## Activity
Restate the whole listing below word for word and keep the images out.

Given data below:

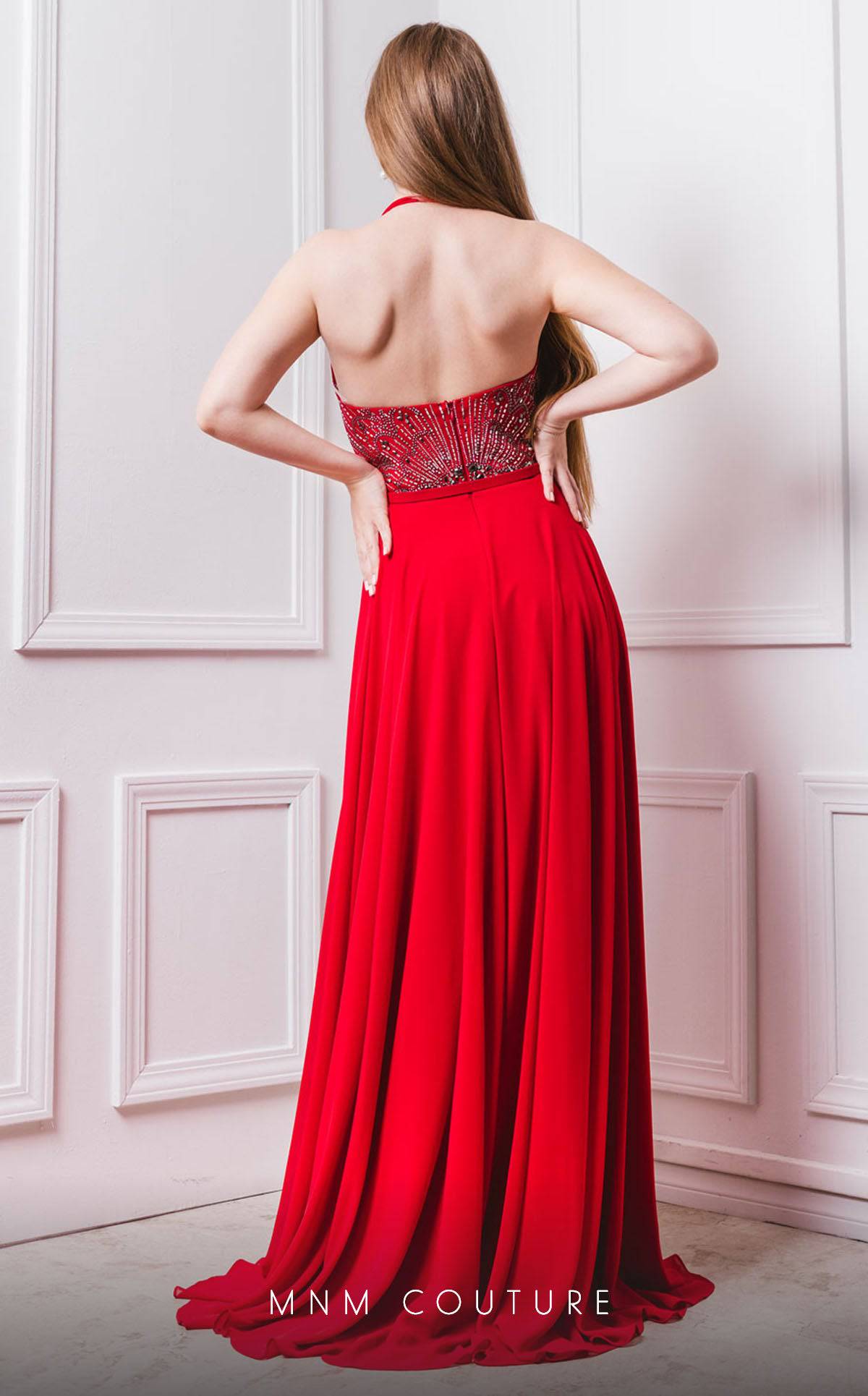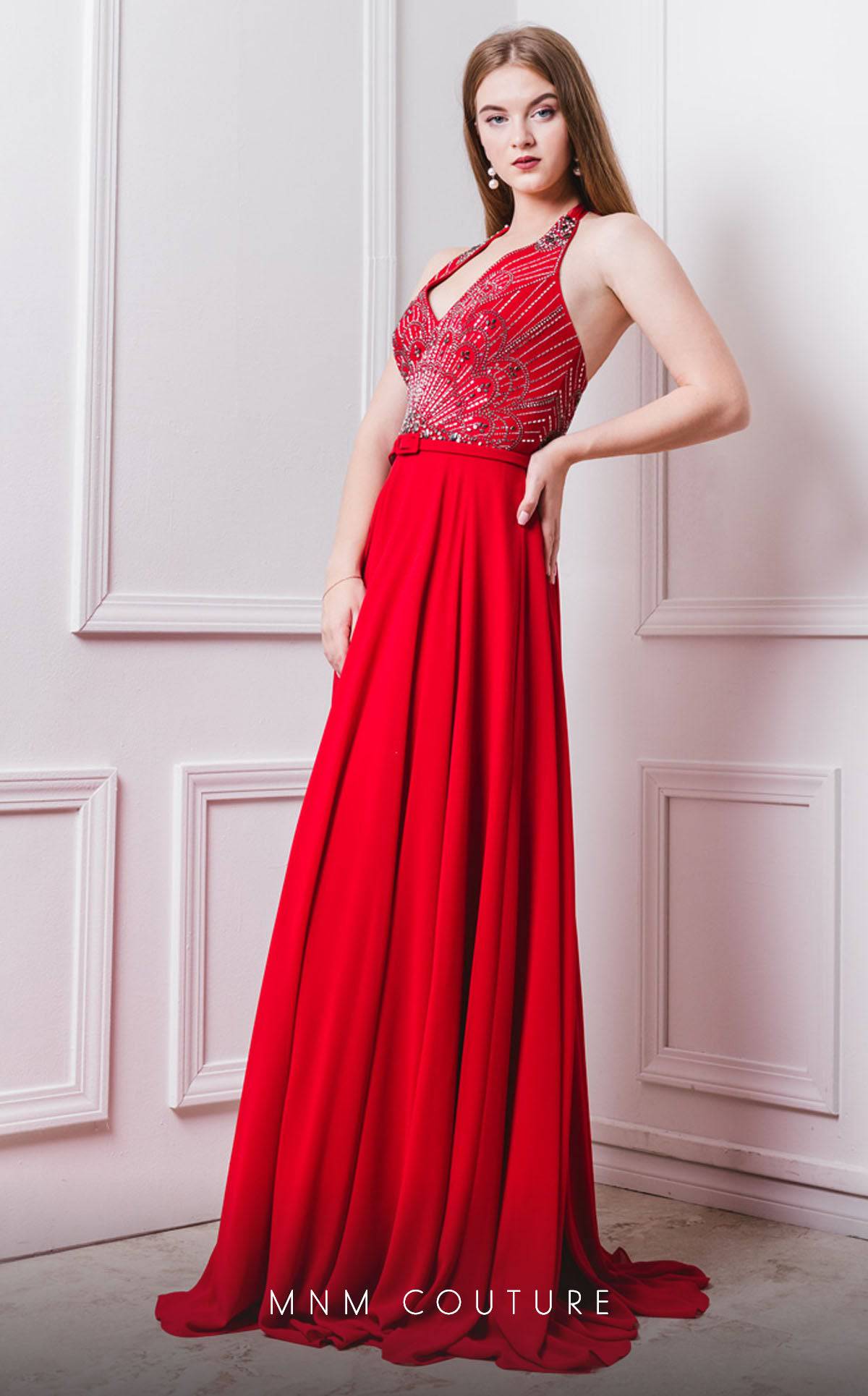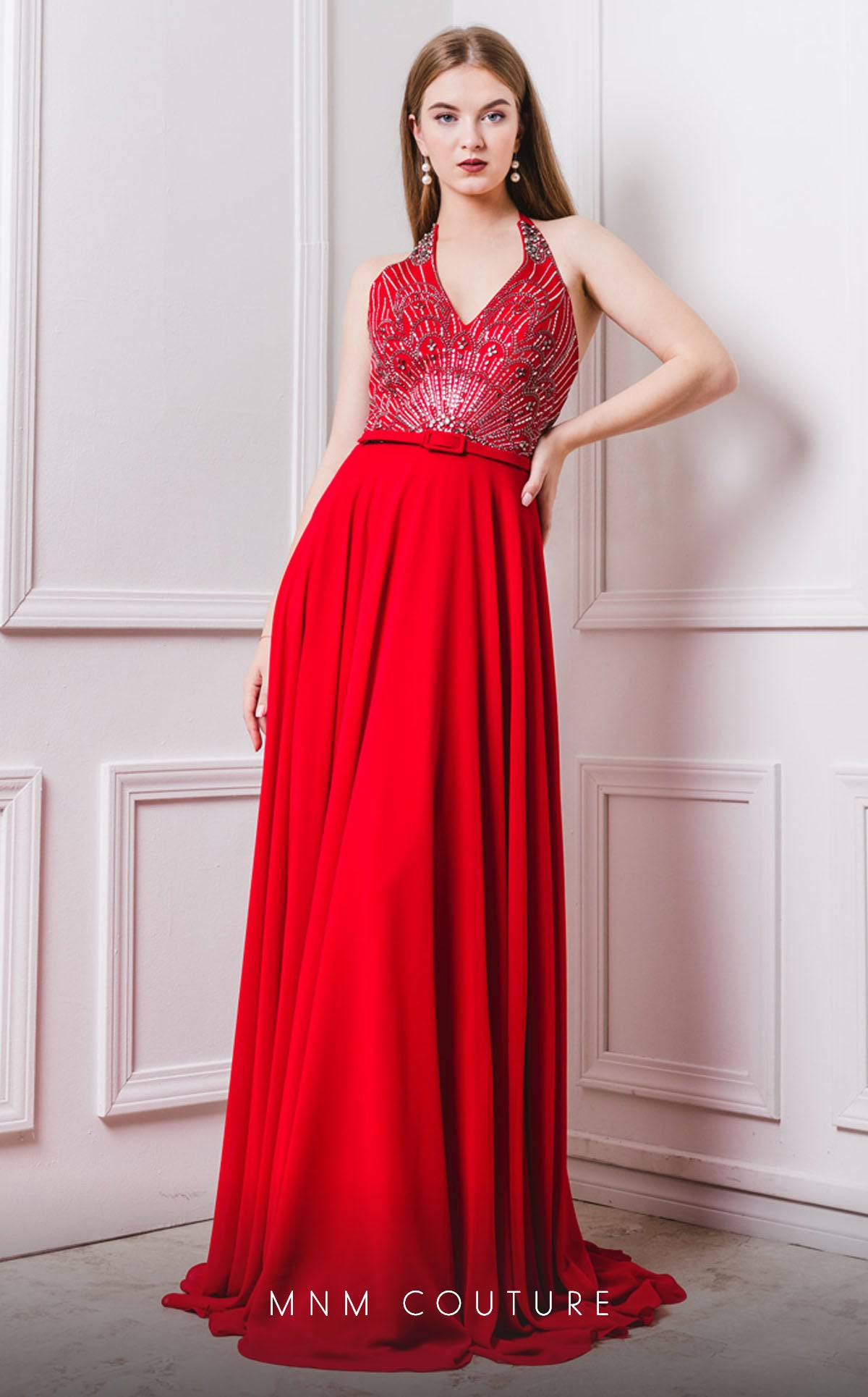 MNM Couture F6198 shimmering with beads red halter long dress. Also available in: Mint, Salmon & Seafoam Green
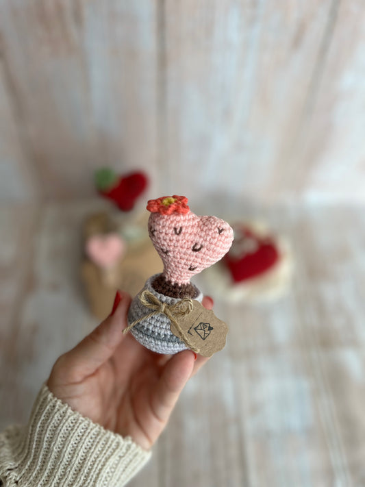 Crocheted Cactus Heart in a Pot, Perfect Valentine’s Gift, Hand Crafted, Readymade, Unique Gift, Embroidered Heart, Anniversary Gift
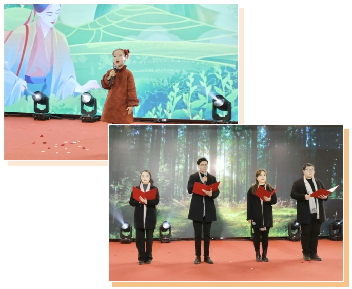 除了歌舞的精彩表演,《謝裕大150周年》《百年傳承 · 茶香千年》兩段朗誦,以其氣勢恢宏的語調(diào)、飽含深情的演繹,帶我們走進(jìn)了一幅謝裕大150年接續(xù)奮斗、闊步前行的壯美畫卷。每一個字句都飽含著對品牌的認(rèn)同與歸屬,也讓在場的每一位聽眾深刻感受到謝裕大所蘊(yùn)含的文化底蘊(yùn)與品牌力量。

End of Given data.

## Task output
 MNM Couture F6198 shimmering with beads red halter long dress. Also available in: Mint, Salmon & Seafoam Green
 Crocheted Cactus Heart in a Pot, Perfect Valentine’s Gift, Hand Crafted, Readymade, Unique Gift, Embroidered Heart, Anniversary Gift
 除了歌舞的精彩表演,《謝裕大150周年》《百年傳承 · 茶香千年》兩段朗誦,以其氣勢恢宏的語調(diào)、飽含深情的演繹,帶我們走進(jìn)了一幅謝裕大150年接續(xù)奮斗、闊步前行的壯美畫卷。每一個字句都飽含著對品牌的認(rèn)同與歸屬,也讓在場的每一位聽眾深刻感受到謝裕大所蘊(yùn)含的文化底蘊(yùn)與品牌力量。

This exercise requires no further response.